# East Coast ~ Virginia



## Wahoo23829 (Apr 15, 2010)

*Seems I did this already ~ old age has caught up to me I suppose*

I am Jamie.
Born a Navy brat in Virginia when my Dad served ; 
raised in Indiana (Kokomo) 
joined the Navy myself when I got out of high school in 1980
served 22 years in the military and Retired in 2001

Built and run a NASCAR dirt car in North Carolina for 4 years

I am a CANCER Survivor of 4 years ~ 
Had throat cancer and spent a year going at the hospital EVERY DAY 
Chymo and radiation treatments.....Cancer free NEXT MONTH = 5 years

I mate on an offshore charter boat In Virginia Beach part time 
and just moved into the farm house here in Courtland 

Just me, the horses and chickens.....

My girlfriends Tennessee Walker moved in last night .....
JUST THE HORSE~ Not the GIRLFRIEND.....I still have some 
sense about me, not much mind you - but a little.


----------



## Mingiz (Jan 29, 2009)

Welcome from Southern MD..Congrats on your cancer free!!!!!


----------



## Speed Racer (Oct 21, 2009)

Hey Wahoo, you don't need to reintroduce yourself, but welcome a second time. I remember your lovely pictures from before. 

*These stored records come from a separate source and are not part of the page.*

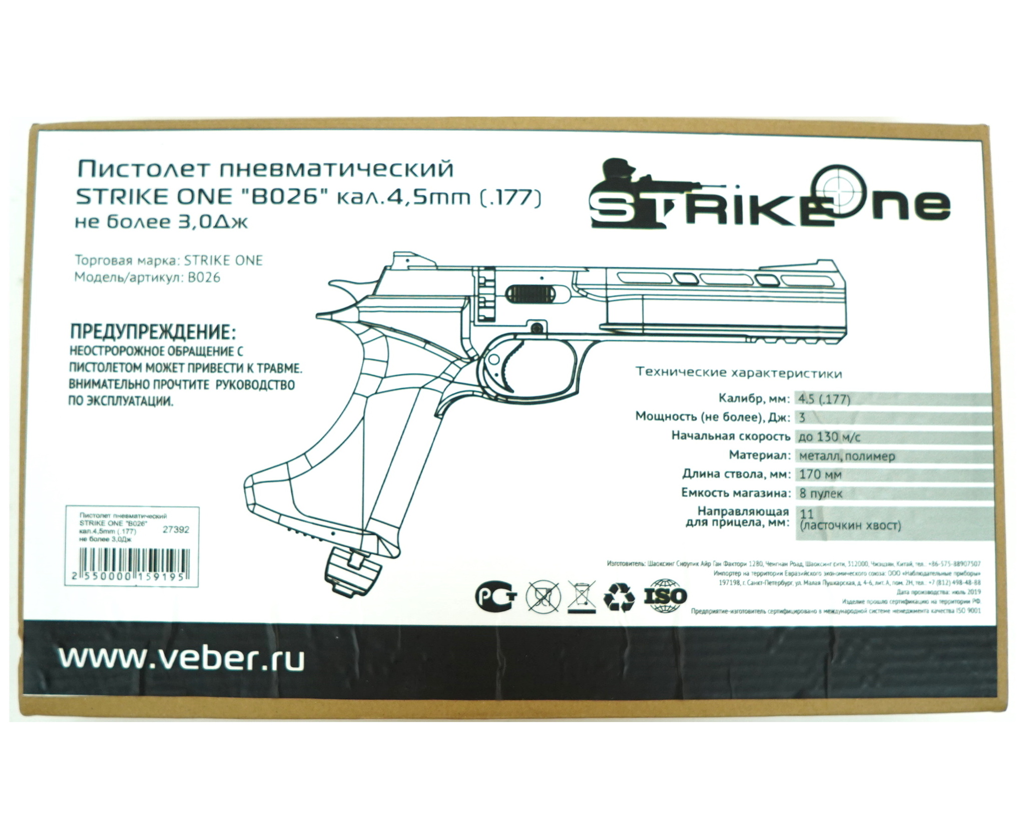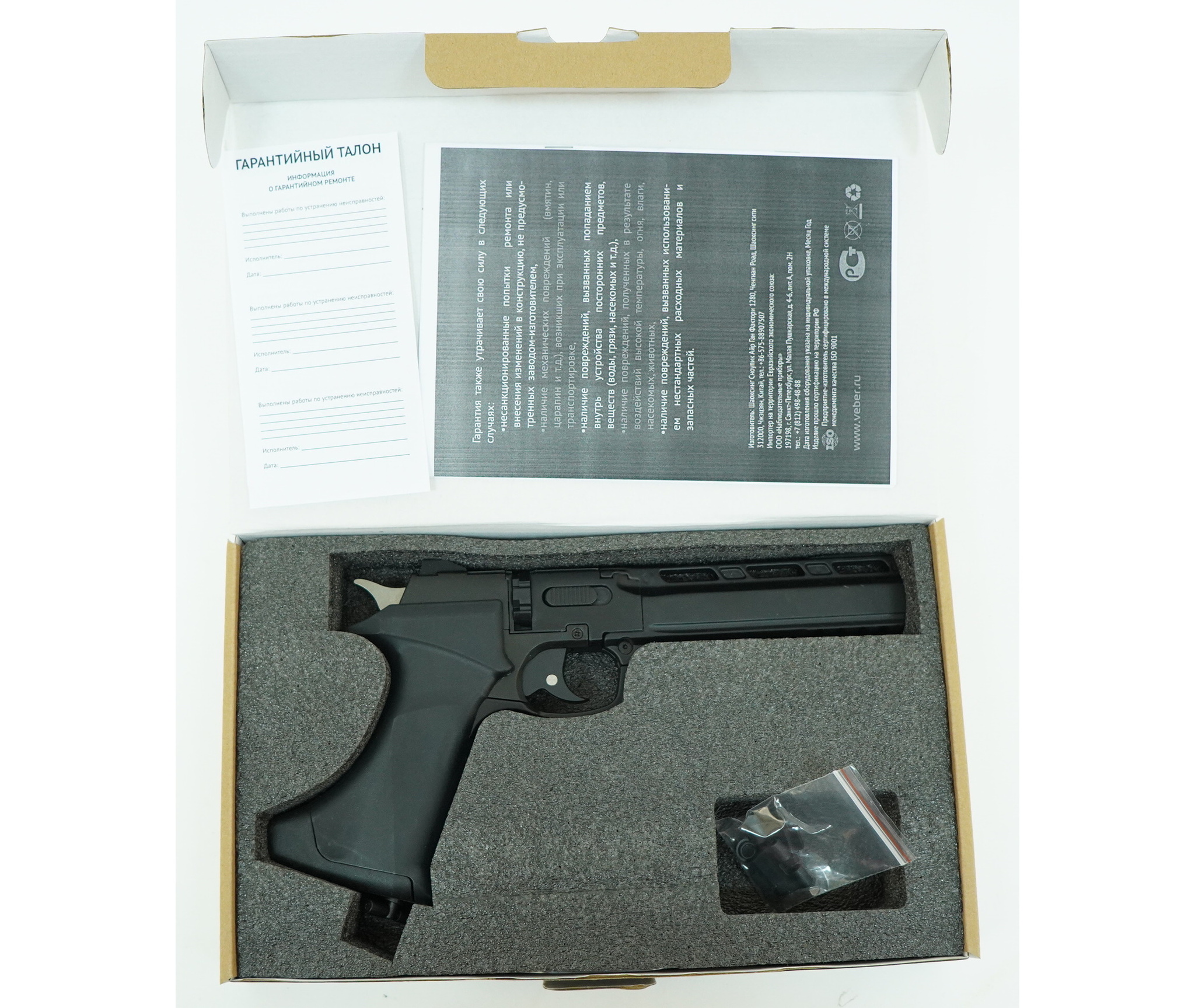 Длина пистолета 30 см, вес всего 0,6 кг. Поставляется с барабаном и руководством пользователя.
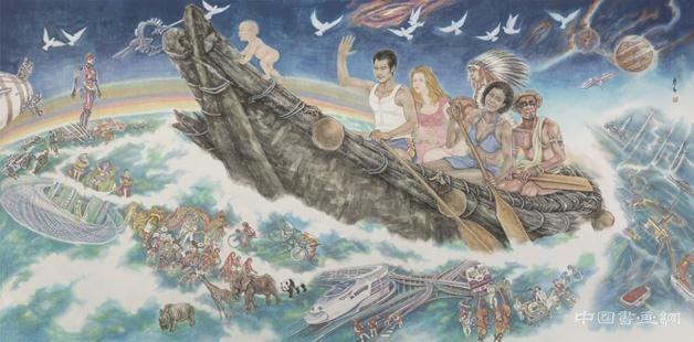 《同舟共濟(jì),榮辱與共》 作者:廖勤 創(chuàng)作年代:2019 規(guī)格:300cmx600cm 品類:國畫
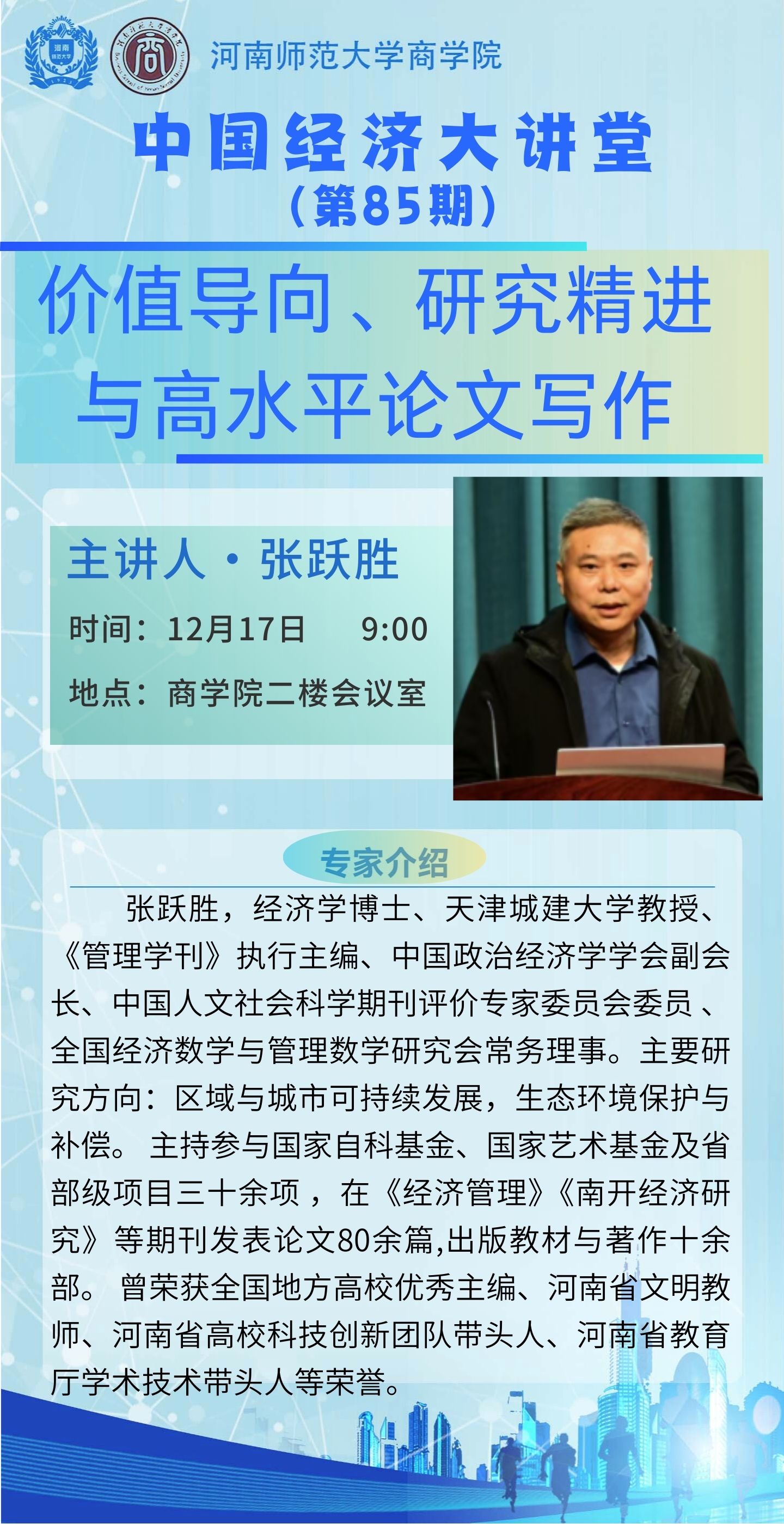 天津城建大学张跃胜教授将应邀做客“中国经济大讲堂”

Mingiz, where in southern Maryland are you? I spent a good many years in So. MD in Bryantown, Leonardtown, California, Hollywood, Mechanicsville, etc. My SO lives near Lothian.


----------



## farmpony84 (Apr 21, 2008)

Welcome to the board!


----------



## Mingiz (Jan 29, 2009)

Speed Racer said:


> Hey Wahoo, you don't need to reintroduce yourself, but welcome a second time. I remember your lovely pictures from before.
> 
> Mingiz, where in southern Maryland are you? I spent a good many years in So. MD in Bryantown, Leonardtown, California, Hollywood, Mechanicsville, etc. My SO lives near Lothian.


 
I'm located south of L-town,California,Hollywood..I'm in De By Gawd Ridge....:wink:


----------



## Speed Racer (Oct 21, 2009)

Mingiz said:


> I'm located south of L-town,California,Hollywood..I'm in De By Gawd Ridge....:wink:


Whoa, you _are_ south, aren't you?

You're down near Scotland and Point Lookout. Yowza!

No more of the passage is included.